それとも、何か後ろめたいことでもあるのか。
「ああ、そうでした。まずはそちらを片付けてしまいましょうか。コロナ、フロン、いいですね?」
「……私、初めからそのつもりだったんだけど」
「わたしもいいよ!」
ちょっと拗ねたようなものが混ざった声と、元気がいっぱい詰まった声による返事。
それらに一つ頷くと“師匠”こと水創主は、コホンとわざとらしく咳払いをしてから口を開いた。
「頼まれていた水霊クラゲの出所ですが、おそらく最南の町から川をずっと遡っていった先にある屋敷……研究所でしょうね。覚えていますか? あなた達が“処分”した男を。その男の隠れ家の一つです。術によって施されていた安全装置でもあったのでしょうね。繋がっていた主を失って、その効力が切れたのだと思われます」
告げる師匠の姿が縮小されディスプレイの隅に移動し、入れ替わるように地図が表示される。

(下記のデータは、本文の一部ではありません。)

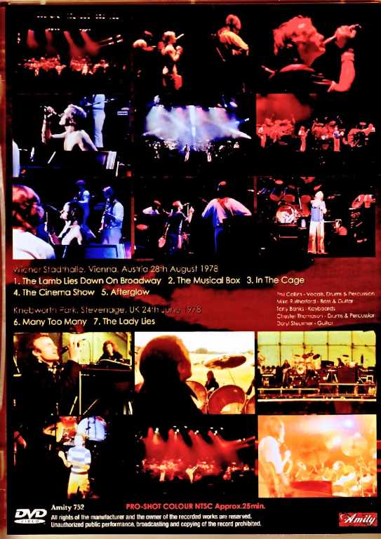 Wiener Stadthalle, Vienna, Austria 28th August 1978 PRO-SHOT 1. The Lamb Lies Down On Broadway 2. The Musical Box 3. In The Cage 4. The Cinema Show 5. Afterglow Knebworth Park, Stevenage, UK 24th June 1978 6. Many Too Many 7. The Lady Lies Phil Collins - Vocals, Drums & Percussion Mike Rutherford - Bass & Guitar Tony Banks - Keyboards Chester Thompson - Drums & Percussion Daryl Steurmer - Guitar PRO-SHOT COLOUR NTSC Approx.25min.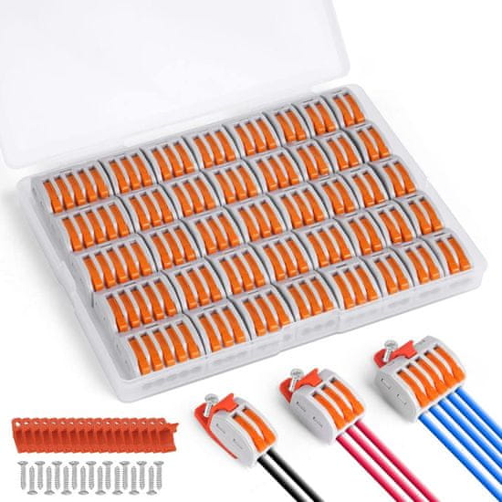 Nikcorp Komplet 80 hitrih sponk za kabelske konektorje 2/3/5 vrat z nosilci in vijaki za žice 0,08-4,0 mm² za večkratno uporabo

最南の町。そこから主に北西方面に伸びる幾筋かの川と、南方以外の三方に伸びる街道。
近くの林に、少し離れたところから地形やいくらかの日当たりや気温差、土壌などに応じてそれぞれ方々に広がっている農地に放牧地。
町から東北東、人里より離れた位置には夜岩竜の住む岩山。
その岩山よりも遥か向こう側には、二人で復活させたと思しき湖がある。
視線を川に戻して上流へしばらく移動させると、赤色で丸印が付けられている場所があった。
最近はマシになったが、もとより穴だらけの地図。
記載されていない重要な建物などが、どれだけあることやら。
「そういうのって、エクレールさんたちが追跡ついでに調査した後で破壊してるんじゃないの?」
本来なら追跡対象を泳がせつつ確保ないし処分した後。
その過程で発見した施設などを調査し、必要なら消滅させるところまでが彼女の仕事のはず。
未発見故に処理残しが出る場合こそあれ、発見済みの施設を彼女が仕損じるとは思えない。

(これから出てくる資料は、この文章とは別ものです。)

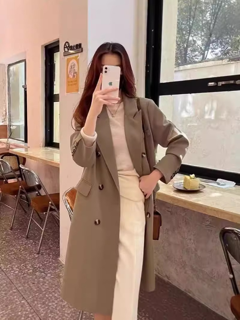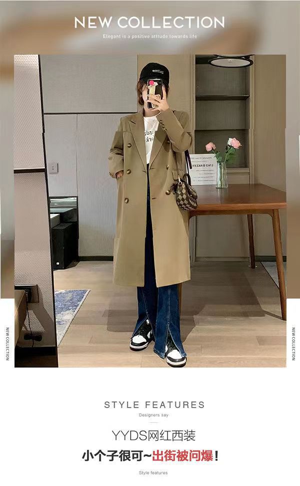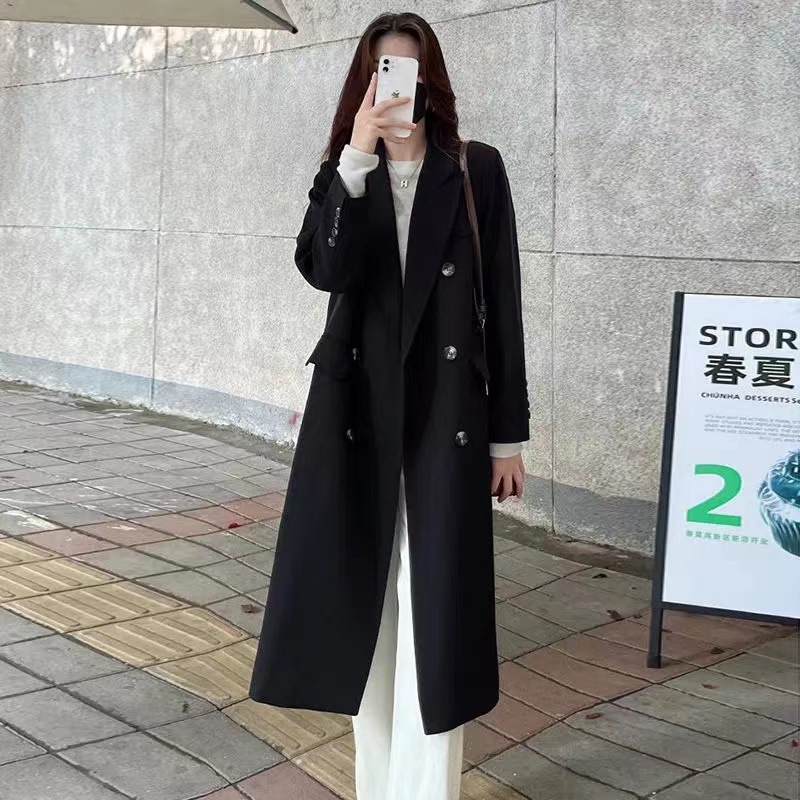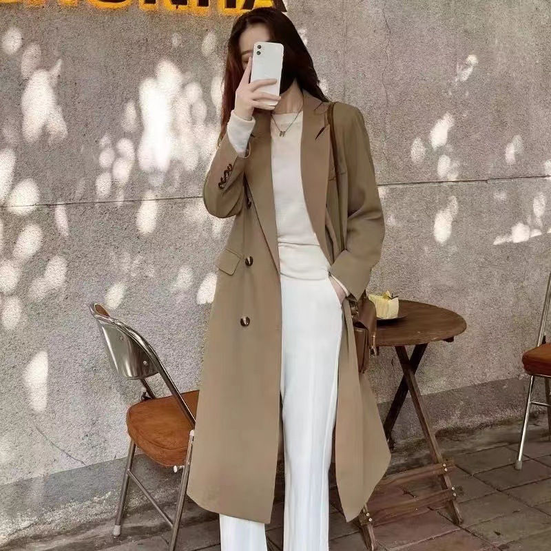 Женский плащ средней длины 2025 года, осенне-зимняя куртка в корейском стиле, элитное пальто в стиле интернет-знаменитостей, легкий люксовый костюмный стиль, британская элегантность

相性が悪すぎて、創主の雷どころか雷が引き起こす他の現象共々通用しなかったとでもいうのだろうか?
「それがですね……」
「……すまん。その……らしいんだよ、そこ」
「どうしたのバチバチさん? なんか言い辛そう。それにらしいって――」
――何が? とフロンが小首を傾げた。
目の前で玩具を揺らされた子猫みたいな仕草だったので、横目に見ていたコロナはついついフロンの頭を撫でてしまった。

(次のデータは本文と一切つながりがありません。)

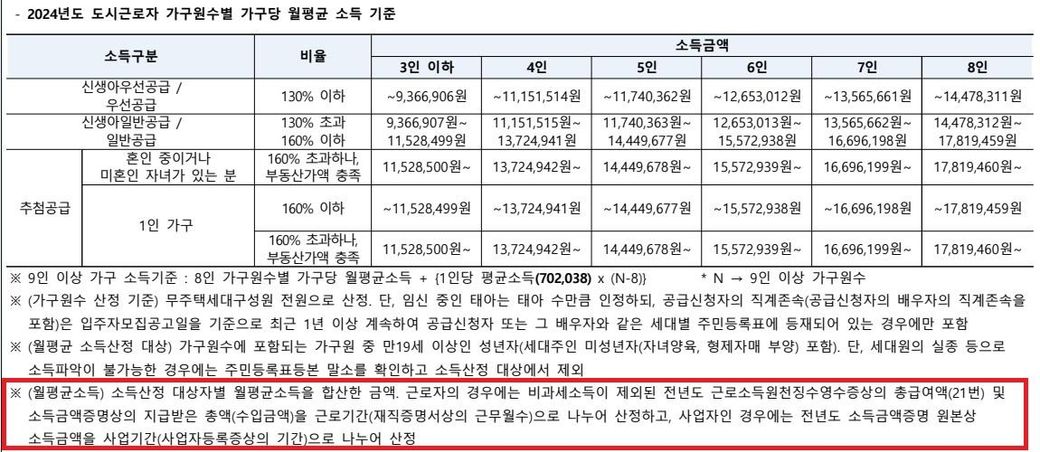 특별공급(생애최초 포함)의 소득 기준은 가구의 월평균 소득을 보는 것이기 때문입니다

コロナに撫でられて気持ち良さそうに目を閉じるフロン。
普段ならエクレールから「猫か、おまえさんは」とでも突っ込みが入るところ。
それが今は、口をもごもご、髪の毛わしわし、視線をきょろきょろと、落ち着きなく繰り返しているだけ。
「――お化け、ですよねエクレール?」
見かねた師匠がやれやれと肩をすくめてから代弁した。
「……ああ、エクレールさんお化け苦手だもんね。要するに怖いから調査も破壊もしなかったんだ」
少し間をおいてから、コロナは納得したという風に頷く。
「ついでに先程まで報告も忘れていましたね。嘆かわしいことです」
「本っ当に申し訳ない……。そこだけなんだ。そこだけ終わってなかったんだ……」
師匠にも姉妹にも両手を合わせて頭を下げて見せるエクレール。
コロナは「その必要はないよ」と頭を振った。
「元凶はあの男でしょ。それに、下手に暴れられて調査不足のまま轟雷爆撃される方が困るよ。もしそうなってたら何が起きてたかなんて、わかったものじゃないんだから」
どうしてあの夜私に頼まなかったのとか、結界はどうしたのとか、色々と言いたいこともあるけれど……と。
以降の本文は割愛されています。